- In the Final Report from the Banking Royal Commission, Commissioner Hayne gives an instructive discussion about the role of ASIC and how litigation is to be used in relation to enforcement, including why settlement may not be a
desirable outcome. However, much of what is said also applies more generally to civil litigation.
- Effective litigation requires clarity as to what is sought to be achieved by the client, the facts that can be proved and the ramifications in law of demonstrating those facts.
- Effective dispute resolution, consistent with court and ethics rules, requires consideration of whether there are non-litigious avenues that could achieve a more effective and efficient outcome, i.e. an outcome that would better satisfy the client’s interests and reduce cost and delay.
Most of 2018 was punctuated with revelations of misconduct by bankers and financial advisers at the Royal Commission into Misconduct in the Banking, Superannuation and Financial Services Industry.
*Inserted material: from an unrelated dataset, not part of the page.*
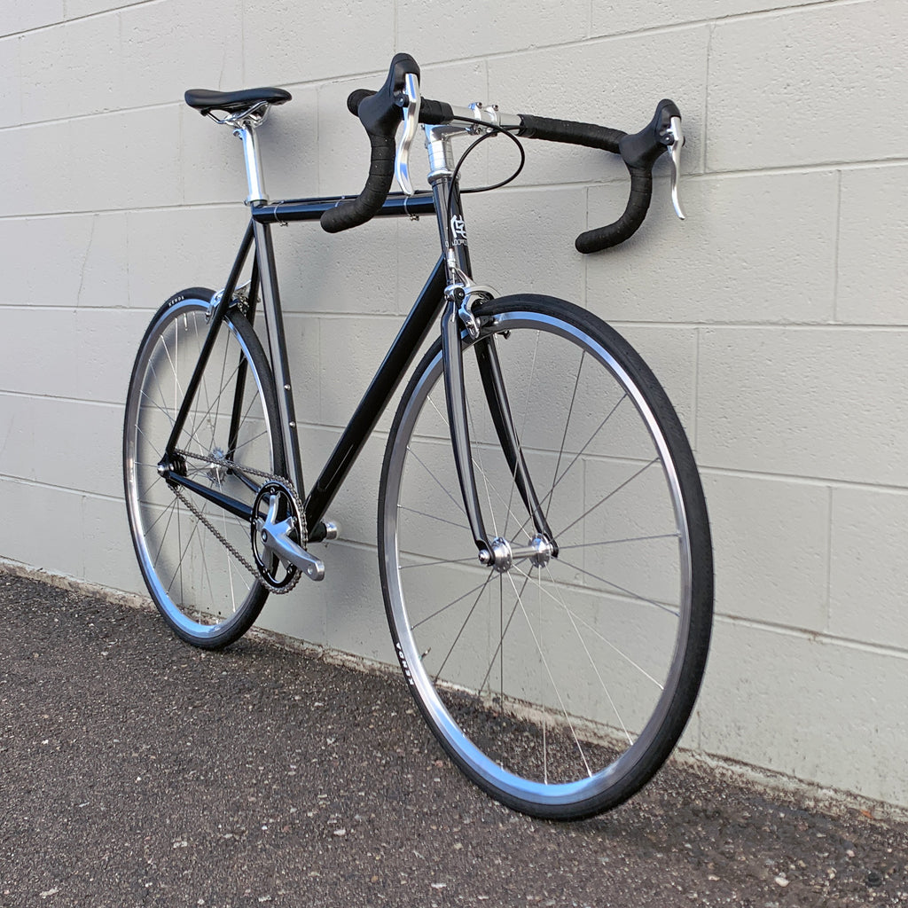 For those looking for one of the lightest one-gear rides out there, the Lightning delivers. It features a triple-butted Columbus Spirit frame, a sleek carbon fork, and our lightweight wheelset for a weight of about 18.5 pounds (55cm).

The Royal Commission was presided over by Kenneth Hayne, former justice of the High Court of Australia. The final report from the Royal Commission was released on 4 February 2019.
The Report spends many pages addressing the misconduct revealed in the hearings and laying out recommendations for reform. Of interest here is Commissioner Hayne’s consideration of the Australian Securities and Investment Commission’s (‘ASIC‘) approach to enforcement, and in particular, its predisposition towards negotiated outcomes rather than litigation.